Paris - Actualité n°100779 - Publié le 06/09/2017 à 17:00
©  Seb Lascoux
©  Seb Lascoux

« Aujourd’hui la relation public/privé atteint un vrai niveau de maturité. Même si la France est un pays d’addicts de l’argent public et que le mécénat n’est pas dans notre tradition, nous devons quand même constater que, de fait, nous avons développé depuis des années le recours à des formes de partenariats avec le privé. (…). La BnF Bibliothèque nationale de France a des défis technologiques importants à relever. De ce point de vue, le partenariat avec des entreprises innovantes est très utile », déclare Sylviane Tarsot-Gillery, directrice générale de la BnF, lors de l’atelier « Le partenariat public/privé - mécénat, sponsoring, fondations, fonds de soutien, financement participatif : quels objectifs, quelle coopération ? », organisé dans le cadre de la 2e édition de Think Culture Événement dédié à l’innovation dans le pilotage de la culture, organisé par News Tank Culture à l’université Paris-Dauphine le 05/09/2017.

« Aujourd’hui, si le mécénat a encore de très beaux jours devant lui, il est ou sera dépassé par la question de la gestion de marque. Les produits dérivés représentent un océan de travail pour les institutions publiques. (…). Le mécénat doit permettre à terme d’accéder à l’autonomie financière et donc pouvoir se passer de ce levier de financement », ajoute Jean d’Haussonville, directeur général du Domaine national de Chambord.

News Tank rend compte des échanges.

« La Fondation Culture et Diversité est atypique par rapport au paysage des fondations d’entreprises françaises » (Saïd Berkane)

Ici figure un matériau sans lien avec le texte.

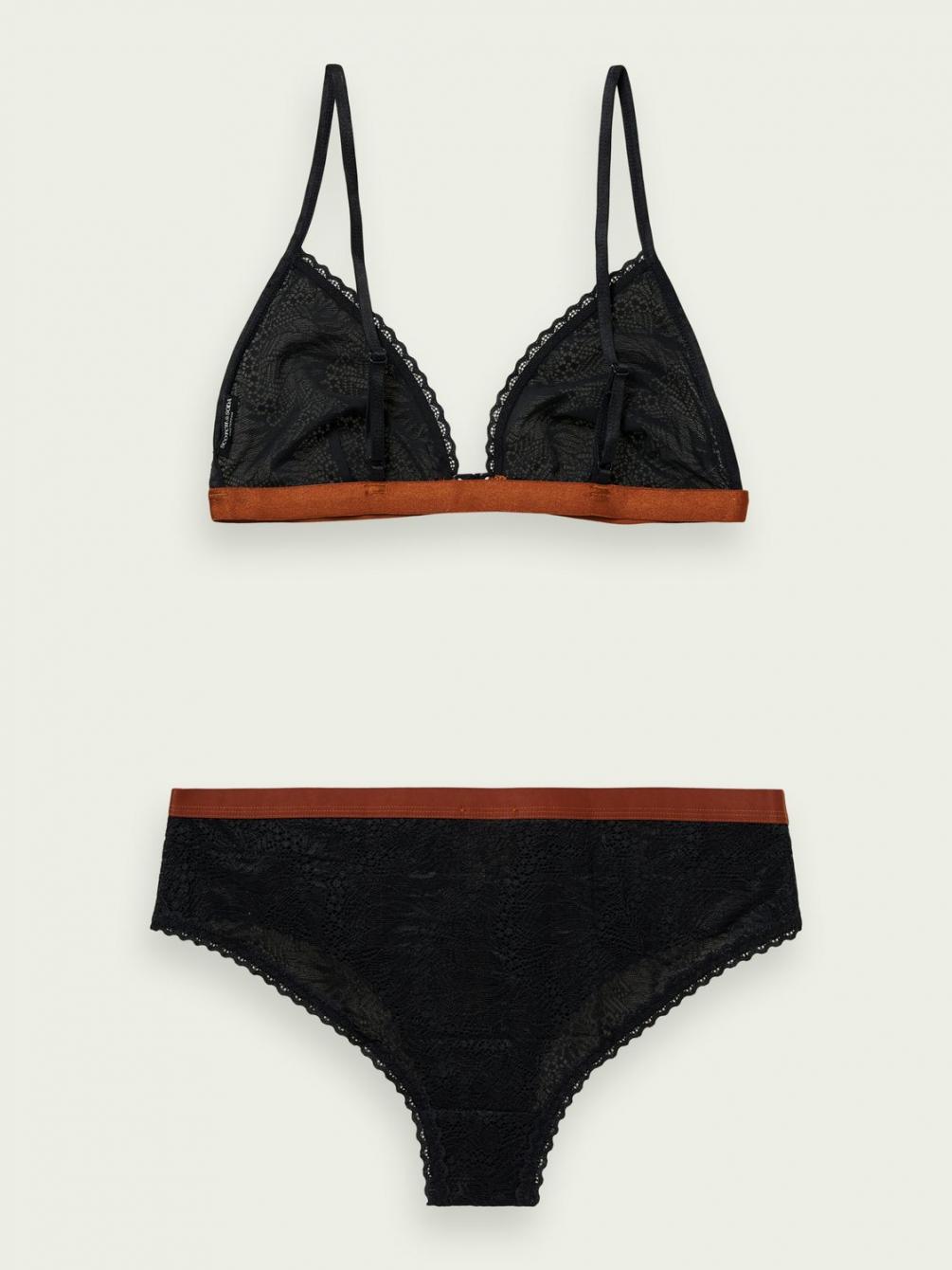 In the look for a matching underwear set? Spice up your lingerie collection with this lace underwear set featuring clasp closures and a soft waistband.

  • Saïd Berkane - ©  Seb Lascoux
    « Créée en 2006 par Fimalac Financière Marc Ladreit de Lacharrière , la Fondation Culture et Diversité a pour objectif de favoriser l’accès des jeunes issus de milieux modestes aux arts et à la culture. 
  • Dès sa création, la fondation avait pour ambition de travailler de concert avec les ministères de l’Éducation nationale et de la Culture. 
  • Depuis 2006, la fondation a sensibilisé 30 000 jeunes sur tout le territoire national. Sur ces 30 000 jeunes, nous en accompagnons au quotidien 1 400 pour l’accès aux parcours de formation des grandes écoles de la culture. Pour ces programmes, nous travaillons avec :
    • Le ministère de l’Éducation nationale dans la mise en place d’un réseau de lycées partenaires sur l’ensemble du territoire. 
    • Le ministère de la Culture dans la mise en place d’un réseau de grandes écoles partenaires qui sont sous sa tutelle. La fondation peut ainsi, au sein de ces écoles, mettre en place des programmes d'égalité des chances, des ateliers ou des classes préparatoires. 
  • Les écoles n’ont pas les moyens humains et financiers de mettre en place ces programmes qui seraient pour elles très coûteux. C’est à ce moment que public et privé peuvent se compléter. Les financements et l’expertise de la fondation permettent de développer ces programmes de manière très efficace tout en s’appuyant sur les apports des deux ministères.
  • La particularité de la Fondation Culture et Diversité est qu’elle est une fondation de terrain qui imagine, réalise et finance des actions développées sur l’ensemble du territoire. En cela, elle est atypique par rapport au paysage des fondations d’entreprises françaises. Elle ne finance pas de programmes extérieurs. »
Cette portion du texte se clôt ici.